Here is a cumbersome one.
 
Using the quadratic formula, we find that the solutions to {{{x^2-kx+3k-2=0}}} ,
if any, are given by
{{{x = (k +- sqrt(k^2-4*1*(3k-2)))/(2*1) = (k +- sqrt(k^2-12x+8))/2 = k/2 +- sqrt(k^2-12x+8)/2 }}} .
For the solutions to exist, we need to have
{{{k^2-12x+8>=0}}} , and only if {{{k^2-12x+8>0}}} there are two different solutions.

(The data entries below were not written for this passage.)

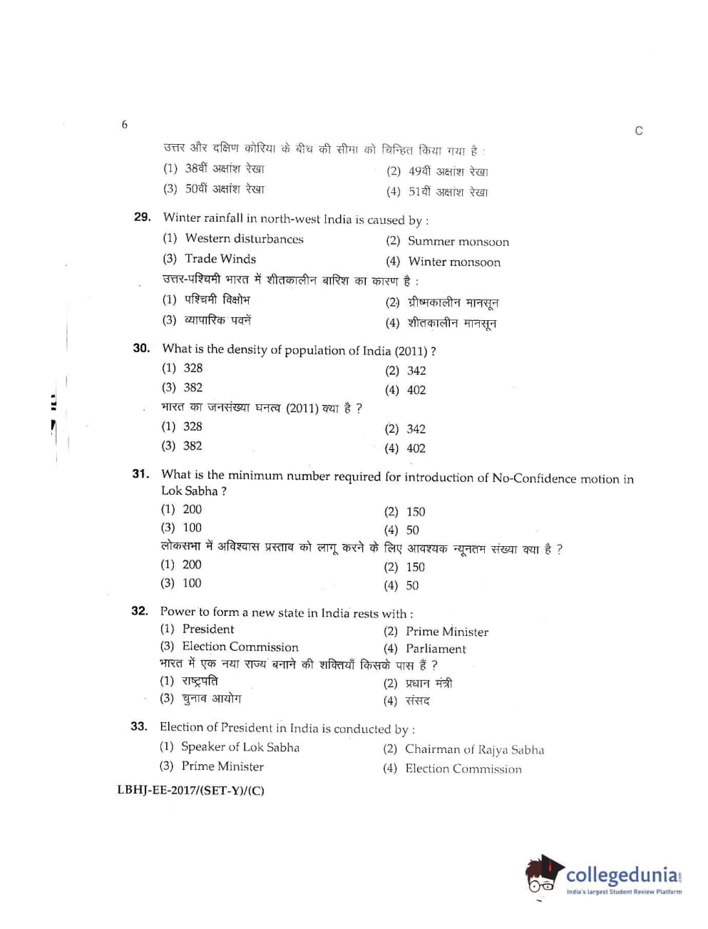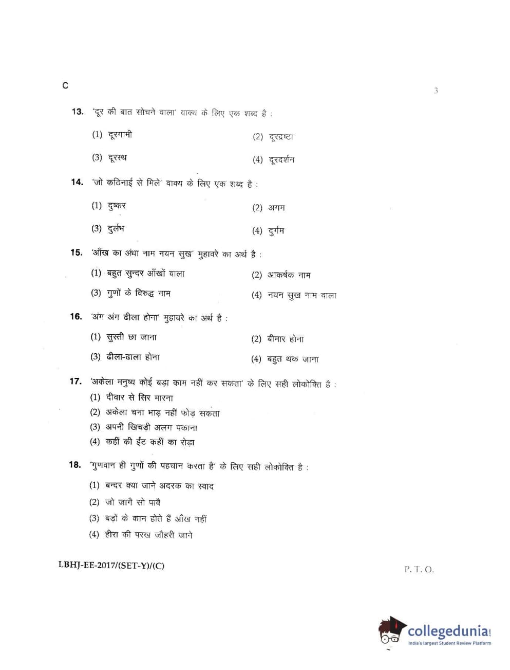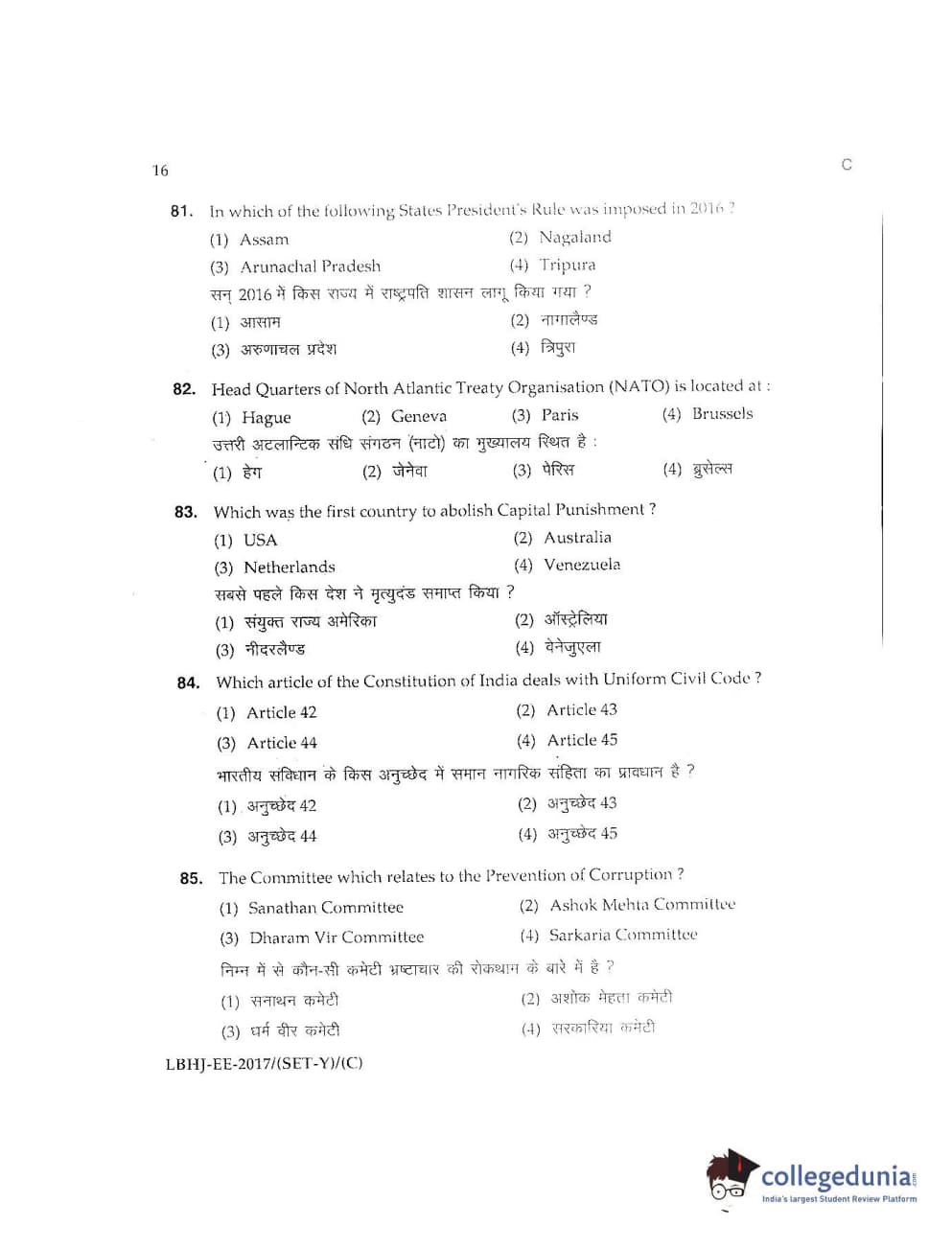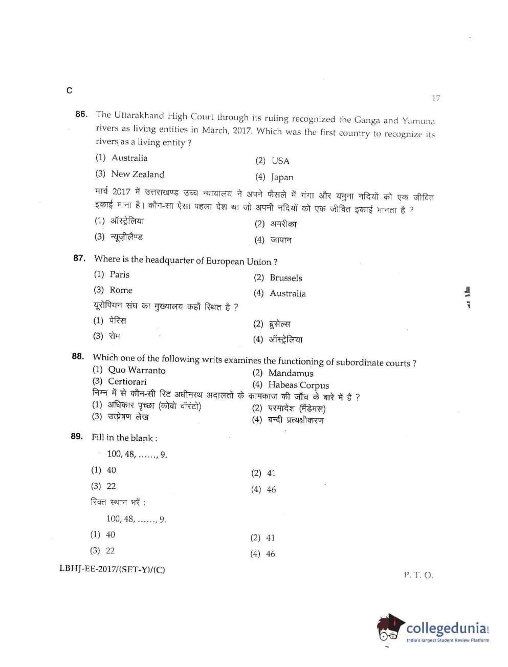 MDUCEE 2017 LL.B-3 Years Set C Question Paper with Answer Key PDFs
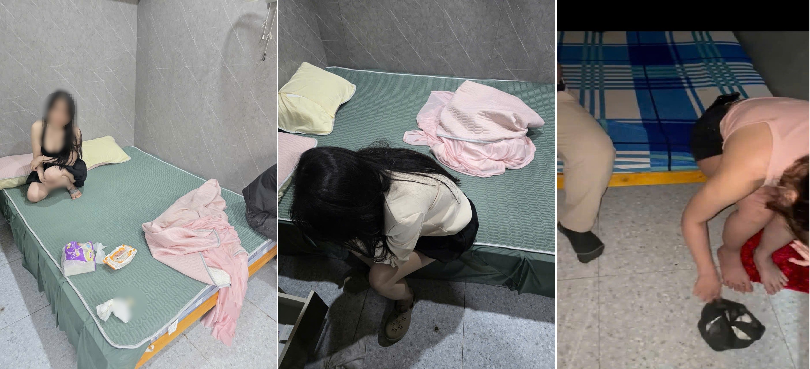 Qua kiểm tra, lực lượng Công an phát hiện tại nhiều phòng ngủ trong quán có hành vi mua bán dâm. Cụ thể, tại các phòng, Công an phát hiện N.T.K.Duyên (sinh năm 1990, trú tỉnh Đồng Tháp), V.T.Nga (sinh năm 1988, trú tỉnh Đồng Tháp) và V.N.Ngà (sinh năm 1998, trú tỉnh An Giang) có hành vi bán dâm cho các khách nam với giá 350.000 đồng/lượt. Các đối tượng khai nhận mỗi lượt bán dâm được hưởng 250.000 đồng, số tiền còn lại sẽ đưa cho chủ quán.
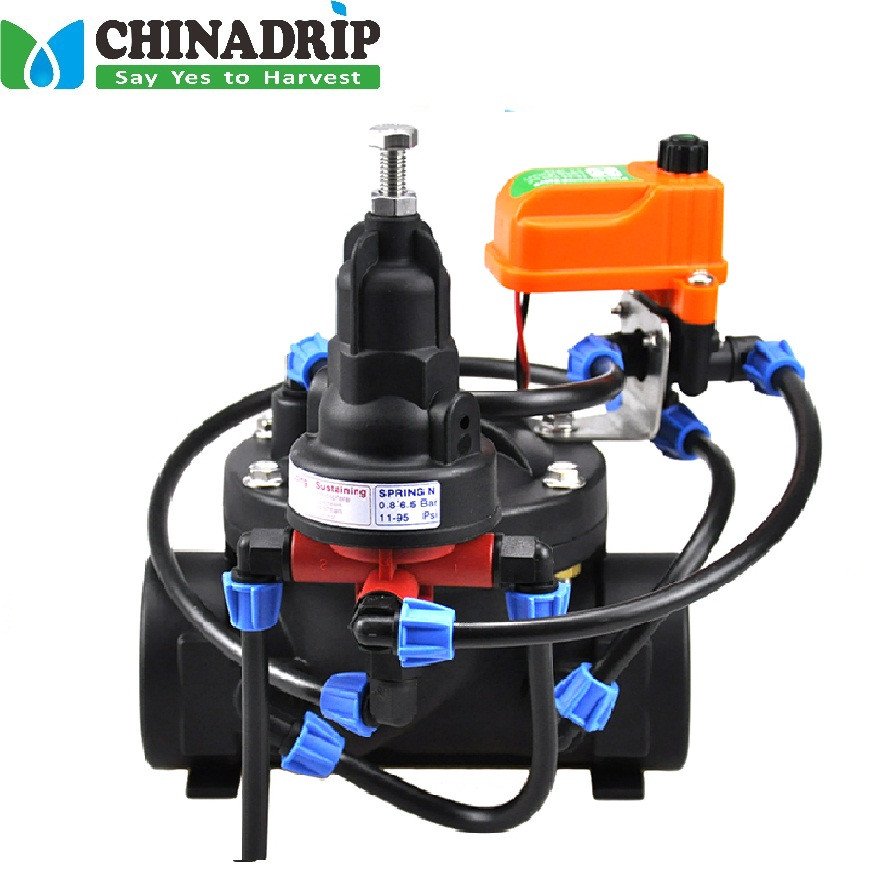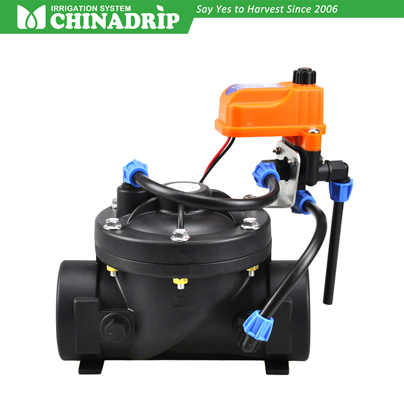 XIamenInjap Terkawal Solenoid ini dengan 3 hala CHINADRIP Plus Solenoid, ialah injap kawalan tergerak diafragma yang dikendalikan secara hidraulik dengan gelung kawalan Suapan & Pendarahan hidraulik dalaman. Solenoid Plus membenarkan buka, tutup atau kawalan automatik secara manual melalui isyarat elektrik.
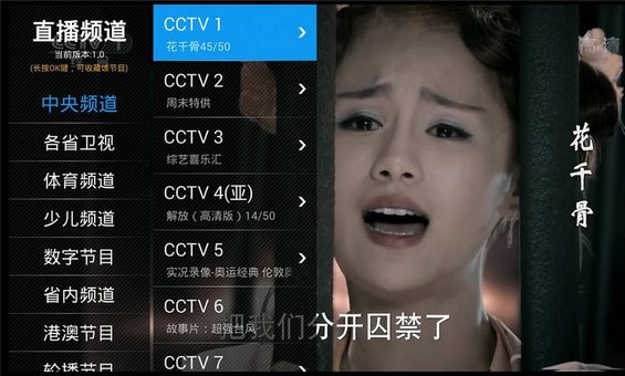1.各卫视台覆盖广:浙江电视台、湖南卫视、江苏卫视、东方卫视等全部卫视台,轻松观看中国好声音、爸爸去哪儿、非诚勿扰、奔跑吧兄弟等综艺节目,还有最新电视剧《大好时光》!看节目还是要看直播,最新内容先一步掌握!2.央视频道全面覆盖,cctv13的新闻、cctv6的最新电影、cctv5的体育赛事、cctv11的全天戏曲,同时满足家庭中的不同需求。
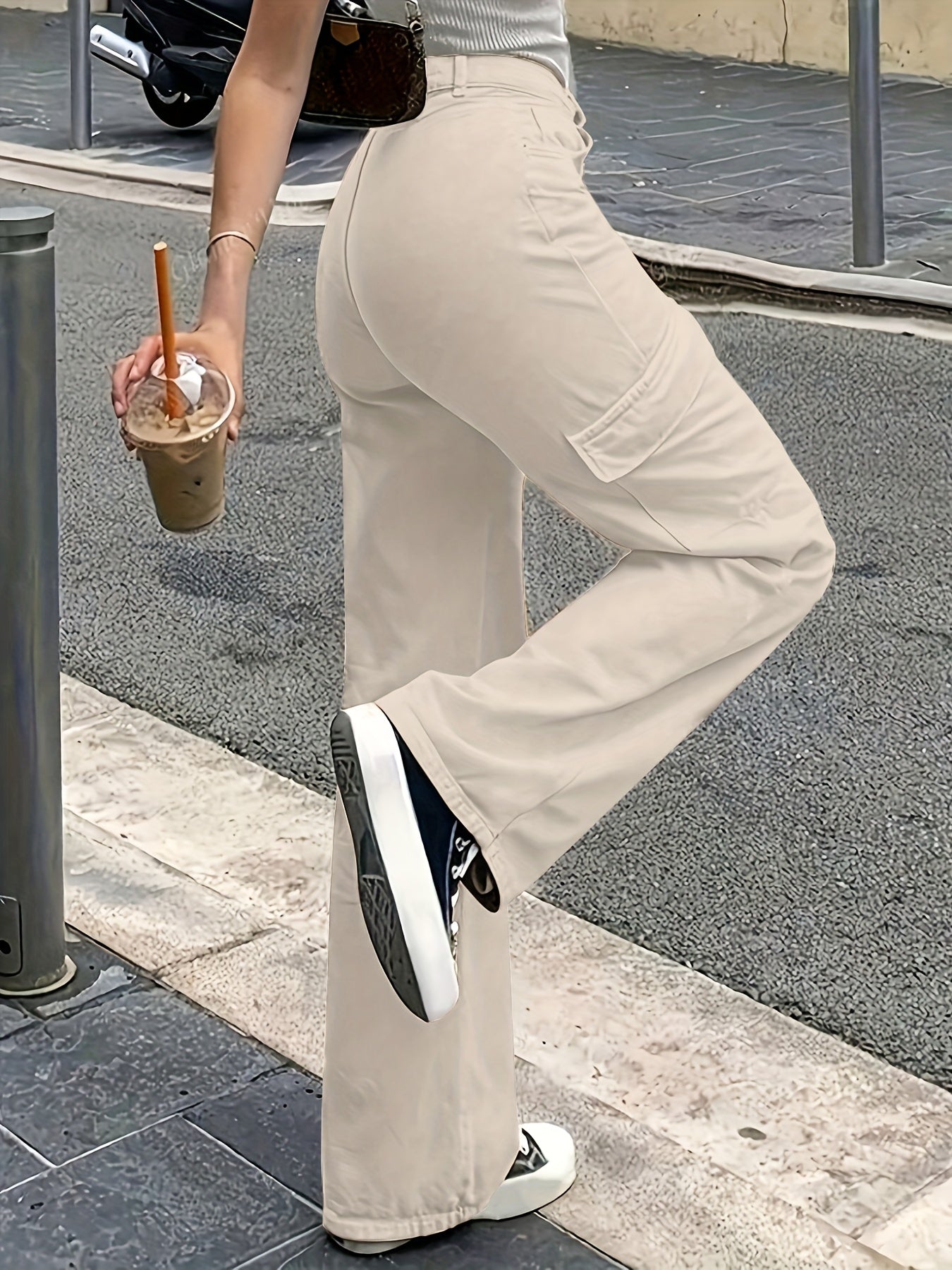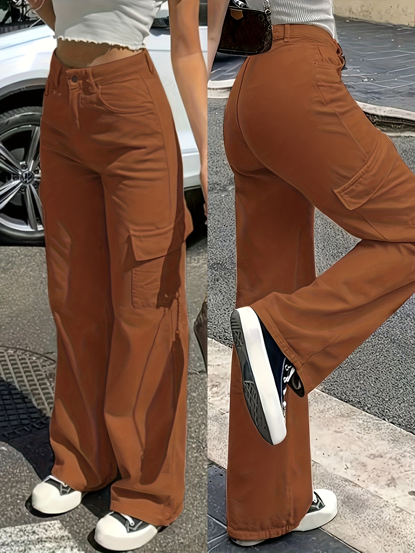Pantalon Cargo Femme Taille Haute – Jambe Large avec Boutons, Tous Saisons
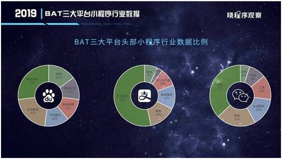 目前,BAT三家的小程序生態(tài)側(cè)重各有不同。微信的小程序生態(tài)側(cè)重游戲與電商;支付寶小程序中生活服務(wù)占比最高;百度小程序分發(fā)的內(nèi)容則以移動視頻和生活服務(wù)為主。
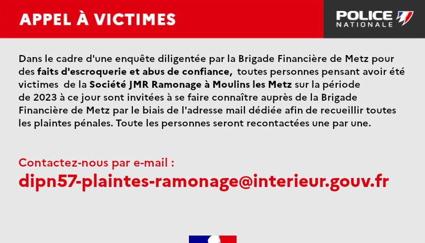 La bridage financière de Metz a diffusé ce jeudi 4 décembre 2025 un appel à victimes dans le cadre d’une enquête en cours portant sur des faits présumés d’escroquerie et d’abus de confiance en lien avec la société JMR Ramonage, installée à Moulins-lès-Metz. Les faits se seraient déroulés entre 2023 et aujourd’hui.
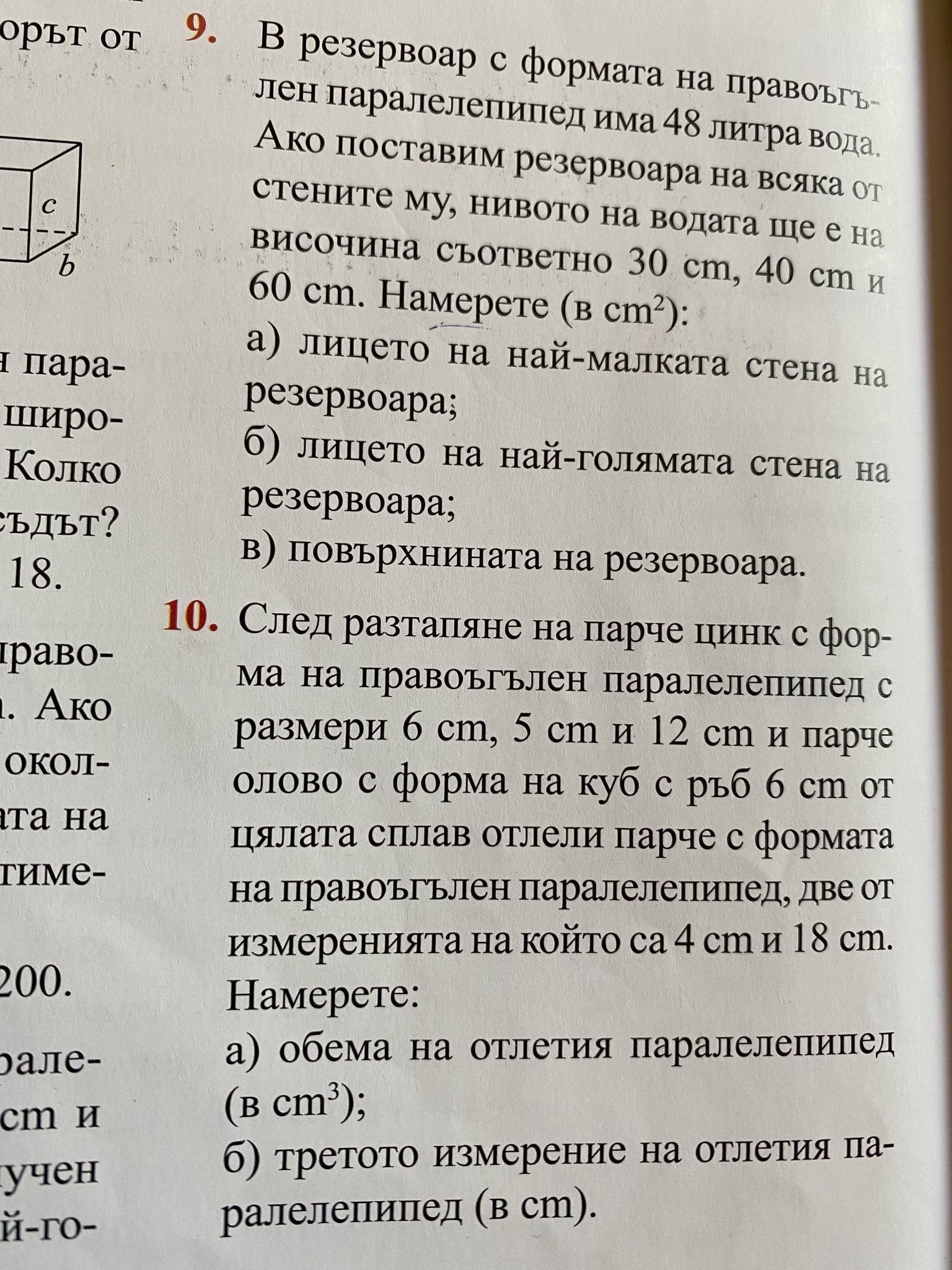 Текста най-долу “отлетия поралелепипед в см.”

Since the solutions to {{{k^2-12x+8>=0}}} are
{{{k = (12 +- sqrt(12^2-4*1*8))/(2*1) = (12 +- sqrt(144-32))/2 = (12 +- sqrt(112))/2 = (12 +- 4sqrt(7))/2 =6 +- 2sqrt(7) }}} ,
two different solutions to {{{x^2-kx+3k-2=0}}} exist only if
{{{k<6-2sqrt(7) }}} or {{{k>6+2sqrt(7) }}} .
 
If {{{k>6+2sqrt(7)}}} , {{{k/2 + sqrt(k^2-12k+8)/2 >k/2=(6+2sqrt(7))/2=3+sqrt(7)>5}}} .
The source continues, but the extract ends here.